At any roadside stand in the Philippines, you can pull up a plastic stool on a hot, sticky night, order a San Miguel beer, and chow down on a sizzling, meaty platter of sisig, a dish beloved by locals (and Anthony Bourdain). Traditionally, it’s chopped-up pig face with onions, cooked on long, oval platters delivered straight from the fire to your table, served with a tidy mound of rice and accoutrements like lime or calamansi juice, soy sauce, and chili peppers. In the Bay Area, which has one of the highest concentrations of Filipinos in the U.S., sisig has been served in various permutations — traditional, vegan-style, or as a fusion with other international cuisines. 

In the case of Senor Sisig, this dish comes folded into another local favorite— the San Francisco burrito (or, if you like fries, San Diego-style). Senor Sisig has become a hometown success story, cultivating their take on Filipino-style tacos and burritos from food trucks into brick-and-mortars. But for Oakland Restaurant Week, they went more traditional. A friend and I pulled up metal stools near the large windows lining their brightly-lit, fast-casual space downtown.

My vegan friend ordered the tofu burrito, and I chose a Restaurant Week special, the lechon kawali — another traditional Philippine dish, featuring deep-fried pork belly cut up in chunks, its crispy skin encasing layers of tender fat and succulent meat. What can I say? Filipinos love their pork. With a side of rice, corn tortillas, pickled onions, and two dipping sauces (one a blend of peppery spices and the other slightly sweet and tangy), the dish was my weekend treat, a nostalgia-inducing respite from rainy Oakland. The hearty portion transported me to childhood visits to my parents’ homeland, where the sticky kinetic energy of Southeast Asian cities and towns somehow makes fried meats and tropical humidity the most perfect pairing ever. Paired with a margarita, my soul was quietly giddy with nostalgia. I was a 14-hour flight from Manila, but felt some island vibes all the same.

The Kon-Tiki's Oakland Restaurant Week menu included their smashburger and a Mai Tai.

The weekend took me from one island vibe to another — so to speak. The following night we reconvened to enjoy the gaudy vibrance at The Kon-Tiki, a tropical-themed bar and restaurant, blocks from Senor Sisig. Calling itself a tropical oasis in the heart of downtown,” The Kon-Tiki is a quintessential experience awash in fruit-soaked rum drinks, cheeky cocktails with tiny umbrellas, and island-themed everything — Hawaiian shirts, a thatched-roof bar, and mid-century island kitsch to the max.

That Saturday night played host to The Greasy Gills, a local surf-rock band featuring a young trio of hipsters playing speedy, reverb-drenched guitar riffs and upbeat tempos drenched in the kind of 60s instrumental music that epitomizes the sound — spaghetti western instrumentals meets Hawaii Five‑0” nostalgia.

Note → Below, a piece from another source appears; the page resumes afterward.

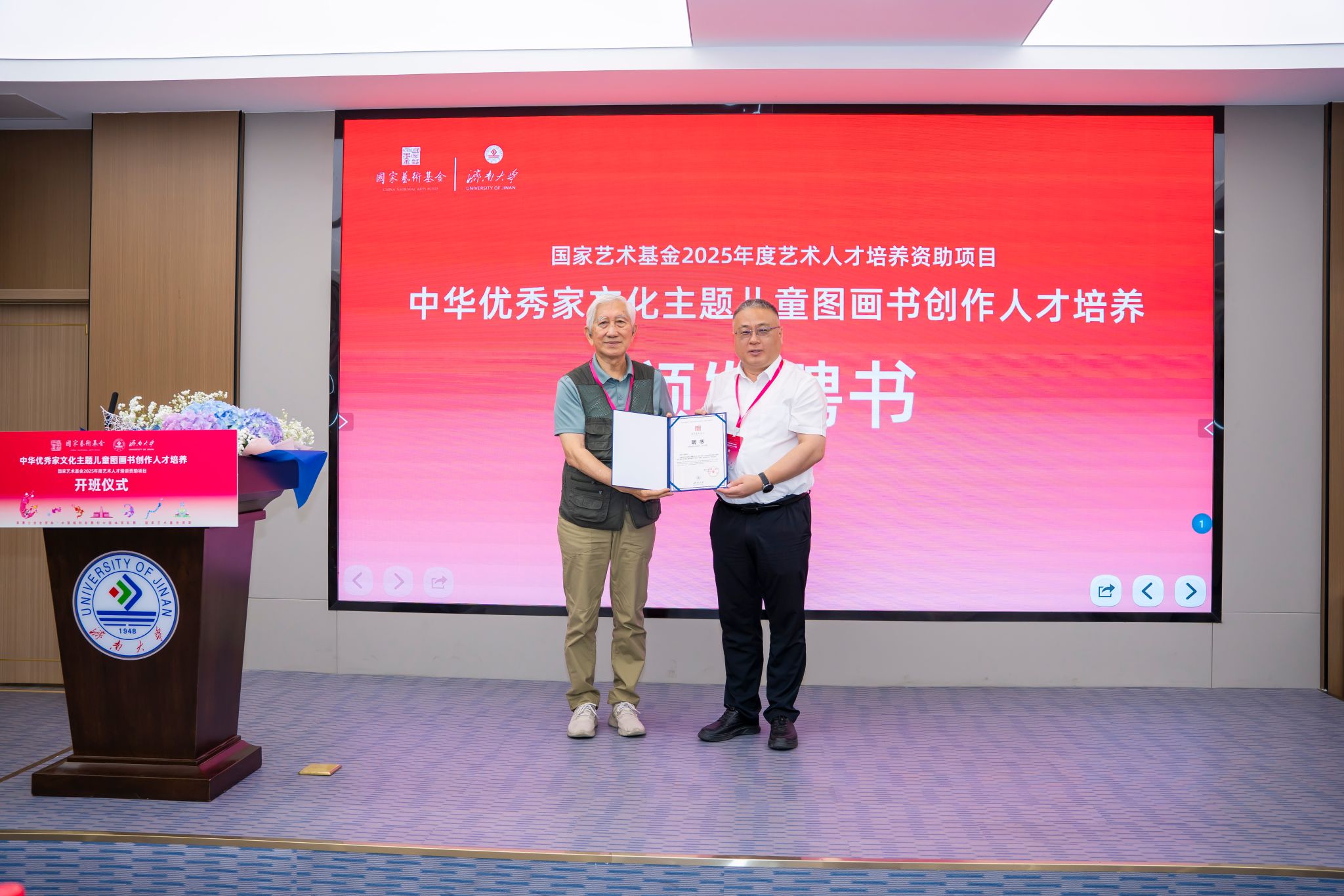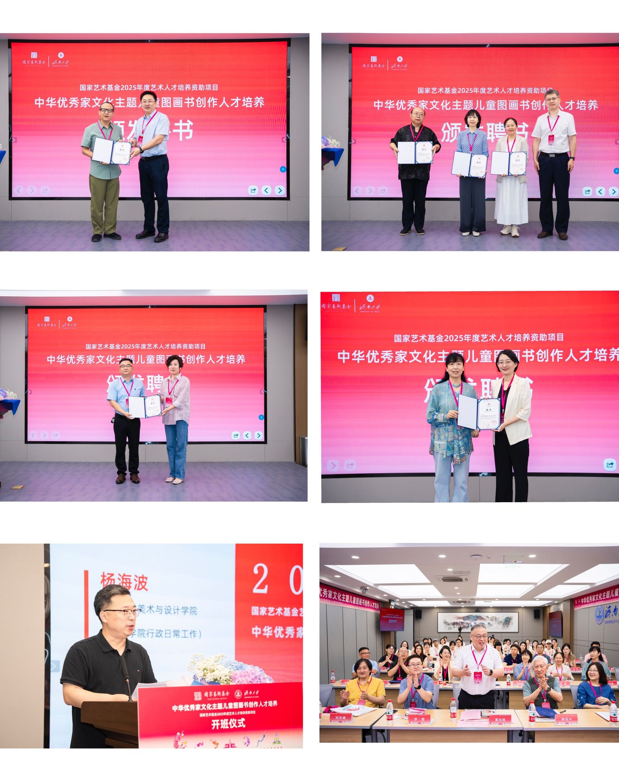 7月1日,国家艺术基金2025年度艺术人才培养资助项目“中华优秀家文化主题儿童图画书创作人才培养”开班仪式在澳门巴黎人赌场 隆重举行。清华大学首批文科资深教授柳冠中,山东省艺术研究院专职副书记、国家艺术基金山东项目管理办公室主任李磊,山东省文艺评论家协会副主席、秘书长王之明,山东师范大学赫尔岑国际艺术澳门巴黎人赌场 院长刘东峰,山东工艺澳门巴黎人赌场 教务处处长顾群业。澳门巴黎人赌场 党委常委、副校长黄加栋,党委常委、宣传部部长卢旺,社科处、合作发展处、澳门巴黎人赌场 相关负责人,项目教师授课代表及项目学员们参加本次仪式。开班仪式由澳门巴黎人赌场 副院长杨海波主持。

Several patrons in Hawaiian shirts and tropical dresses packed the dimly-lit bar to enjoy the band, but we’d also come to eat.

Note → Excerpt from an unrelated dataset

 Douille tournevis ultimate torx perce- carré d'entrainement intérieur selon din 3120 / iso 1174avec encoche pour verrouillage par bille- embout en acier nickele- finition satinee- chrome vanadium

For Oakland Restaurant Week, The Kon-Tiki offered its double smash burger with fries and a Mai Tai, an unexpectedly tropical duo. Two four-ounce beef patties, flattened on the plancha to create that crispy sear, a slathering of Maui onion jam melding with melted American cheese and thick pickle slices, the hint of sweetness from the potato bun — it was a greasy delight that helped balance out the strong cocktails that got us a bit sozzled. The fries were a bit of a miss — skinny in the classical, fast food style, but lacking in crispiness and salt. 

Their Mai Tai was a tropical cocktail in the classic vein, albeit a bit rote — a hastily assembled rendering of rum, lime juice, and crushed ice in a wide, squat glass rather than a tropical-themed mug. It was fruity and fun in spirit, but a little limp in flavor. It didn’t quite transport me. My friend ordered a second cocktail, another fruit-based special, which was redolent of banana and rum, with tall slices of banana chips and adorned with a little Tiki lamp” (two cocktail umbrellas encasing a tiny light inside). This cocktail delivered on fruitiness and flavor, and was adorably frivolous, a silly prop jewel for a frothy, frenetic jewel of a night.

Tropical drinks at The Kon-Tiki in Oakland during Oakland Restaurant Week.